Mornings in our house can be chaotic, to say the least. Between getting the kids ready for school, packing lunches, and trying to squeeze in a quick workout before work, finding time for a healthy and delicious breakfast often feels impossible. That's why I've developed a go-to recipe that's quick, easy, and packed with wholesome ingredients: Clean Eating Waffles. Forget sugary, processed breakfast options; these waffles are the perfect way to start the day feeling energized and satisfied.

This recipe is my secret weapon for busy mornings. It's incredibly versatile – I often adapt it based on what I have on hand. Sometimes I swap the almond milk for regular milk, or even use a plant-based alternative like oat milk. The beauty of this recipe lies in its simplicity and adaptability. It allows me to use up ingredients I already have in my pantry, minimizing food waste and making meal prep more efficient. The whole family loves them, and the kids actually ask for them! This recipe also allows me to sneak in some extra fruits or vegetables, making it a well-rounded and nutritious breakfast. I often add blueberries or banana slices into the batter for extra flavor and nutrients.

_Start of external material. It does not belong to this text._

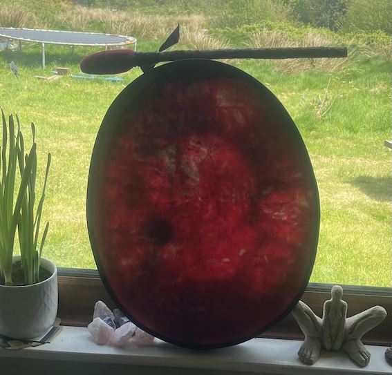 Every element woven into this drum has been chosen with care and devotion. The hides I use are ethically sourced within the UK, and by working with them, we honour their life force rather than allow it to be discarded.

The ingredients are simple and readily available at most grocery stores. Whole wheat flour provides fiber, keeping you feeling full longer. The addition of eggs and milk adds protein, which is crucial for sustained energy throughout the morning. The maple syrup provides a natural sweetness without the refined sugar crash you might get from other waffles. And let's not forget the healthy fats from the olive oil – good fats are essential for brain function and overall health.

I always make a big batch on the weekend and freeze them individually. This is a total game-changer for busy weekdays. Simply pop a waffle in the toaster and I have a nutritious and delicious breakfast in minutes. It's the perfect way to make healthy eating convenient, even with my crazy schedule. This also means I don't have to spend precious time making breakfast every morning. It’s a time-saving solution that doesn't compromise on taste or nutrition. It's a win-win situation for any busy mom (or anyone, really!).

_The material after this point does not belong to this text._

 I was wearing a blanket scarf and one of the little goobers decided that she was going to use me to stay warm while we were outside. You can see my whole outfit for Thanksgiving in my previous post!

Beyond just breakfast, these waffles are fantastic for brunch, a quick snack, or even a light dinner. They’re wonderfully adaptable; you can top them with fresh fruit, whipped cream, a drizzle of honey, or even a dollop of yogurt for added protein. They are delicious plain, too! The versatility of this recipe makes it a staple in our household, and I am delighted to share it with you. I hope it becomes a beloved recipe in your kitchen as well. So, give it a try and let me know what you think! I'm sure you'll find them as easy and delicious as I do.

Tips and Variations:

  • Add-ins: Get creative with your add-ins! Blueberries, bananas, chocolate chips, shredded coconut, and spices like cinnamon or nutmeg all work wonderfully.
  • Make it Gluten-Free: Substitute the whole wheat flour with a gluten-free blend.
  • Sweetener Alternatives: Honey or other natural sweeteners can be substituted for maple syrup.
  • Different Milks: Experiment with different types of milk, such as soy milk, oat milk, or rice milk.
  • Freezing: For easy weekday mornings, make a large batch and freeze the waffles individually.

This Clean Eating Waffles recipe is more than just a breakfast solution; it's a testament to the fact that healthy eating doesn't have to be complicated or time-consuming. With a little planning and a few simple ingredients, you can enjoy a delicious and nutritious meal that fuels your day the right way. So, embrace the simplicity of this recipe and start your mornings off right!

Step-by-step

    • In a large mixing bowl, lightly beat eggs.
    • Add milk, maple syrup, olive oil, vanilla and salt; whisk until well combined.
    • Add whole wheat flour, mix well.
    • Preheat waffle maker and make waffles according to your waffle maker's instructions.
    • Amount of batter depends on the size of your waffle maker. I have similar to this non-stick one and used about 1/3 cup batter per waffle.
    • If your waffle maker is cast iron you might have to spray it with cooking spray to prevent waffles from sticking but maybe not since batter has enough oil.
    • Try one and see how it comes out.